The 911 operator is the ghost in the machine of the American emergency system—a disembodied voice tasked with holding back the tide of chaos using nothing but a headset and a keyboard. In the first forty minutes of Brad Anderson’s The Call, that headset feels like a crown of thorns. Released in 2013, a year when we were all transitioning from the clunky reliability of the Blackberry to the sleek ubiquity of the iPhone, this film taps into a very specific brand of "dead zone" anxiety. It’s a high-concept thriller that starts as a taut, procedural masterclass and ends as something much weirder, much darker, and arguably much stupider.
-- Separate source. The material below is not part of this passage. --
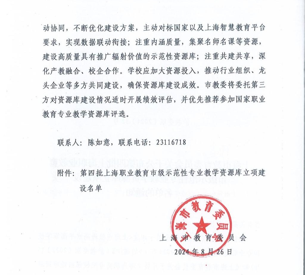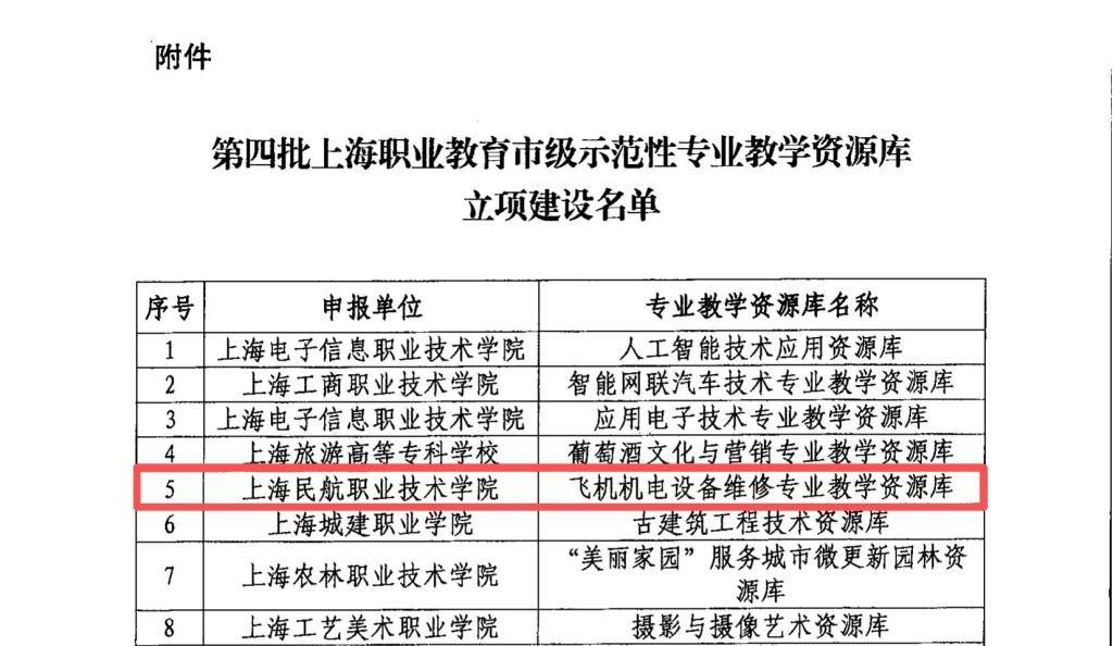 近日,上海市教育委员会正式公布了第四批上海职业教育市级示范性专业教学资源库立项建设名单,“飞机机电设备维修专业教学资源库”被列入全市18个拟立项的专业资源库中,成功获得市级立项建设。

I loved almost every minute of the ride, even when the wheels didn't just fall off—they disintegrated into a fine powder.

Scene from The Call

I watched this recently on a Tuesday night while eating a bowl of slightly burnt popcorn, and honestly, the char on the kernels matched the grimy, soot-stained energy of the film's final act perfectly.

The High-Wire Act of the Hive

The film centers on Jordan Turner, played by a fiercely committed Halle Berry (who you might recall from X-Men or her Oscar-winning turn in Monster’s Ball). Jordan works in "The Hive," the high-tech nerve center of the LAPD’s emergency response. After a tragic mistake during a home invasion call leads to a young girl's death, Jordan is a shell of her former self. But when Casey Welson (Abigail Breslin, looking very different from her Little Miss Sunshine days) is snatched from a mall parking lot and stuffed into the trunk of a car, Jordan is the only one who can talk her through the nightmare.

The first two-thirds of this movie are genuinely spectacular. It’s a "bottle movie" that refuses to stay in the bottle. We oscillate between the sterile, blue-lit tension of the call center and the suffocating, dusty darkness of a Lincoln Town Car’s trunk. Brad Anderson, who directed the cult-classic psychological horror Session 9 and the skeletal Christian Bale vehicle The Machinist, knows exactly how to squeeze a frame until the audience gasps for air.

Interestingly, Halle Berry actually spent time at a real 911 call center to prepare, and she captures that specific cadence—the forced calm, the rhythmic typing, the way these operators have to compartmentalize horror in real-time. It’s a performance that grounds a movie that eventually decides to go completely off the rails.

A Time Capsule of Tech and Terror

Scene from The Call

Looking back from a decade later, The Call serves as a fascinating relic of early 2010s technology. The entire plot hinges on a "disposable" prepaid phone that doesn't have a GPS chip, forcing Jordan to use old-school detective logic to track a moving vehicle. It captures that post-9/11 "surveillance state" anxiety but reminds us that, in 2013, the system was still full of holes.

The villain, Michael Foster, is played by Michael Eklund with a twitchy, terrifying intensity. Apparently, Eklund stayed away from Abigail Breslin during the entire shoot to ensure her fear felt authentic when they finally shared the screen. It worked; Breslin’s performance is harrowing, mostly because she spent a huge portion of the production actually locked in a cramped, dark car trunk.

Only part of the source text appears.